Brief: Your task is to copy each line in the listing that includes the word "para".
══ Data in this exercise ══
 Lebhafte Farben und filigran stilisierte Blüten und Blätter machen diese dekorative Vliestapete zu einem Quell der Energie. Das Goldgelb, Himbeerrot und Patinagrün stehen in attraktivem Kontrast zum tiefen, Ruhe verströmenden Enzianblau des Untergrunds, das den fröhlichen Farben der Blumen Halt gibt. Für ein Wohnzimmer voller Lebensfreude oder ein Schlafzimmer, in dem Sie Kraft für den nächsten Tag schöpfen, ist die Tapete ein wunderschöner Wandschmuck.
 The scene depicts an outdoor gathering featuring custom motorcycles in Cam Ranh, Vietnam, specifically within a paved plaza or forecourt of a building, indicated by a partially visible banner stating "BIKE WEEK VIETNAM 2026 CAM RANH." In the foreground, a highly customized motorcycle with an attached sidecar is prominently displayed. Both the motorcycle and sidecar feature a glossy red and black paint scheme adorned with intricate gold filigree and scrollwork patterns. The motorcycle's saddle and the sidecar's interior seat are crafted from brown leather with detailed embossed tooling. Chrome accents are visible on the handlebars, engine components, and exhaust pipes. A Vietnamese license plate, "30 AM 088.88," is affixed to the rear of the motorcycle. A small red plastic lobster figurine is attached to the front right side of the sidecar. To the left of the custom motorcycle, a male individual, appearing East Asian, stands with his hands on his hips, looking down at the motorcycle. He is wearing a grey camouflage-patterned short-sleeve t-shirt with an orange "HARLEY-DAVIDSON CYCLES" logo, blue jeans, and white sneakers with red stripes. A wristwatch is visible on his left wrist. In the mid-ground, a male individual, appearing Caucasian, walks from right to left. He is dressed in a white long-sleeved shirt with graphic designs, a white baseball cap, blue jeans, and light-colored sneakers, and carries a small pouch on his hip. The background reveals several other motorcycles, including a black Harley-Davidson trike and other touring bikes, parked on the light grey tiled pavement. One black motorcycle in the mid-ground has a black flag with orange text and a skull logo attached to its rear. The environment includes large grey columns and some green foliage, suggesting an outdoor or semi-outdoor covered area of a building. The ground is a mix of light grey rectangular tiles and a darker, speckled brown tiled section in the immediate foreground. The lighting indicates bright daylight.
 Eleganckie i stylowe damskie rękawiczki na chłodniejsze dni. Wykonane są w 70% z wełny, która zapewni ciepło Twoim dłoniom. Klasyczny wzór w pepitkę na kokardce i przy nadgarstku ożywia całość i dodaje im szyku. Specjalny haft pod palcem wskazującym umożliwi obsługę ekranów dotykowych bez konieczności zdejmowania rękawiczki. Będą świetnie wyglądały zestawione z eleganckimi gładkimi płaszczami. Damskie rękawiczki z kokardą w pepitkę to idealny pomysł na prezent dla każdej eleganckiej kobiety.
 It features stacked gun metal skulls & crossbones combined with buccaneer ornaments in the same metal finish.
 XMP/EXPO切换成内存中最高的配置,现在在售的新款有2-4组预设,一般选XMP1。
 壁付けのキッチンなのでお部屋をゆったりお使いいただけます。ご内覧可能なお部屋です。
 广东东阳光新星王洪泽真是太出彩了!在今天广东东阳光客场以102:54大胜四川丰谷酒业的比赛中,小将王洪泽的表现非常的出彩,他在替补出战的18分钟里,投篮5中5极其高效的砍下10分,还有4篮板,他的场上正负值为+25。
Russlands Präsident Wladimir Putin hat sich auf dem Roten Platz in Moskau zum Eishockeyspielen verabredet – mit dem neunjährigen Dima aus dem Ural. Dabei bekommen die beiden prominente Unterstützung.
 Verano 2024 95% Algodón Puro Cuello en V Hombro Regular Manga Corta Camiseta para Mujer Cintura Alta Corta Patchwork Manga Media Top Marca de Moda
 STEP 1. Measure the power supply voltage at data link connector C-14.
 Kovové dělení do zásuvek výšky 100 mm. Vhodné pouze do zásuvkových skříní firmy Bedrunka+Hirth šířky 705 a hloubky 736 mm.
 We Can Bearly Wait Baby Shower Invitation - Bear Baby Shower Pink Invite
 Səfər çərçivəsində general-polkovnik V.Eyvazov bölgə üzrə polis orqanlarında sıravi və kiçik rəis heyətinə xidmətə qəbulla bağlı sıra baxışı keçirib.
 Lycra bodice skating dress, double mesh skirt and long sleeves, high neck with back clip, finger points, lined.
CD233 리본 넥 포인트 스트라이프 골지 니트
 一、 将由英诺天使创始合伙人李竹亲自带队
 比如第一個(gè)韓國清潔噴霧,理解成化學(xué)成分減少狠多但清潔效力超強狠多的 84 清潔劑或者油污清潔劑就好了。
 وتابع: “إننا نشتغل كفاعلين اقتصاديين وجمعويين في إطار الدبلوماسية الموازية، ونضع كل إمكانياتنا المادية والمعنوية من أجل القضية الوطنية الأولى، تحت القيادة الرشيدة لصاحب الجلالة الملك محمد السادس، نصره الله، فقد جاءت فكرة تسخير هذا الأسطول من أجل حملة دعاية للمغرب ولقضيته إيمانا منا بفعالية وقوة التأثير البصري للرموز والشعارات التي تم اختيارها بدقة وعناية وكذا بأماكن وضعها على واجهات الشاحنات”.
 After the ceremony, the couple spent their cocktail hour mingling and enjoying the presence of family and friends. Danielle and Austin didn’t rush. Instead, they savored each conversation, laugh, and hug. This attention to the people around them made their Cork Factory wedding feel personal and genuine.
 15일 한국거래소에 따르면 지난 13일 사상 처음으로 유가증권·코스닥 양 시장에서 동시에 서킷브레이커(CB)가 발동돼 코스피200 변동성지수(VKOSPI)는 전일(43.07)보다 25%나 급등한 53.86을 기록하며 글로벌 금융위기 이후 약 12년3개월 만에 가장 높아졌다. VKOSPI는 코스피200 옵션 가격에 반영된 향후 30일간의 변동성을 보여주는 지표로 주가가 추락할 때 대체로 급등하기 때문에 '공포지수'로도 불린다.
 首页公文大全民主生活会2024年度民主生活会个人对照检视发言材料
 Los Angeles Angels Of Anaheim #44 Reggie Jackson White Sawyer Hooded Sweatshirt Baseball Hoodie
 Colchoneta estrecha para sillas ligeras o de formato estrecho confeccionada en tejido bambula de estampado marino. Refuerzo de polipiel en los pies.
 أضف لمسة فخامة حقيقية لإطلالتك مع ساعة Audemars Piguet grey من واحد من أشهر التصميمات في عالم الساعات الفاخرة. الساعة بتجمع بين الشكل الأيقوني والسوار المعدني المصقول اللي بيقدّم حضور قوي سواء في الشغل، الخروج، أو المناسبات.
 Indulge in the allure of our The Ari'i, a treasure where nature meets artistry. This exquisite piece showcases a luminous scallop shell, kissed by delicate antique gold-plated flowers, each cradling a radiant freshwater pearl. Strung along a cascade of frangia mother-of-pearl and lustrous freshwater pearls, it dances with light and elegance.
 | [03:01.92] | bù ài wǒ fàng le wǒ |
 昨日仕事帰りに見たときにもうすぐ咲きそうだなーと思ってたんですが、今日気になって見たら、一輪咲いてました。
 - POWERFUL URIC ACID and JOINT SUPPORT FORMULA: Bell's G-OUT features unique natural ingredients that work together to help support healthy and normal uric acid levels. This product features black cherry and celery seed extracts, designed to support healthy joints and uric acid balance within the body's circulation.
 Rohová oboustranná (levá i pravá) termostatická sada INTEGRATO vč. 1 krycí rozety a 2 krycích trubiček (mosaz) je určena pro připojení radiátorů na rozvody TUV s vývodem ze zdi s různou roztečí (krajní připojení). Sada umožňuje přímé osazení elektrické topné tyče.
═══
Answer space:
 Verano 2024 95% Algodón Puro Cuello en V Hombro Regular Manga Corta Camiseta para Mujer Cintura Alta Corta Patchwork Manga Media Top Marca de Moda
 Colchoneta estrecha para sillas ligeras o de formato estrecho confeccionada en tejido bambula de estampado marino. Refuerzo de polipiel en los pies.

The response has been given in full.